Phosphorus-carbon bond formation from discrete transition metal complexes have been investigated through a combination of synthetic, spectroscopic, crystallographic, and computational methods. Reactive intermediates of the type (diphosphine)Pd(aryl)(P(O)(OEt) 2 ) have been prepared, characterized, and studied as possible intermediates in metal-mediated coupling reactions.

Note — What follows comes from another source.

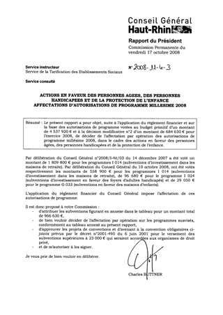 Le présent rapport a pour objet, suite à l’application du règlement financier et sur la base des autorisations de programme votées au budget primitif d’un montant de 4 537 920 € et à la décision modificative n°2 d’un montant de 684 630 € pour l’exercice 2008, de décider de l’affectation par opération des autorisations de programme millésime 2008, dans le cadre des actions en faveur des personnes âgées, des personnes handicapées et de la protection de l’enfance.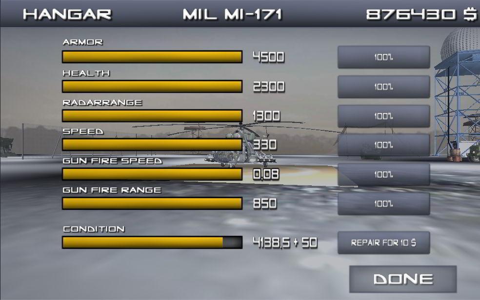 •直升机的升级:每次战斗直升机,盔甲,健康,雷达范围,速度和大炮都可以通过玩耍来升级。

Several of the reactive intermediates were characterized crystallographically, and a discussion of the solid state structures is presented. In contrast to other carbon-heteroelement bond forming reactions, palladium complexes containing electrondonating substituents on the aromatic fragment exhibited faster rates of reductive elimination. Large bite angle diphosphine ligands induced rapid rates of elimination, while bipyridine and small bite angle diphosphine ligands resulted in much slower rates of elimination. An investigation of the effect of typical impurities on the elimination reaction was carried out. While excess diphosphine, pyridine, and acetonitrile had little effect on the observed rate, the addition of water slowed the phosphorus-carbon bond forming reaction. Coordination of water to the complex was observed spectroscopically and crystallographically. Computational studies were utilized to probe the reaction pathways for P-C bond formation via Pd catalysis.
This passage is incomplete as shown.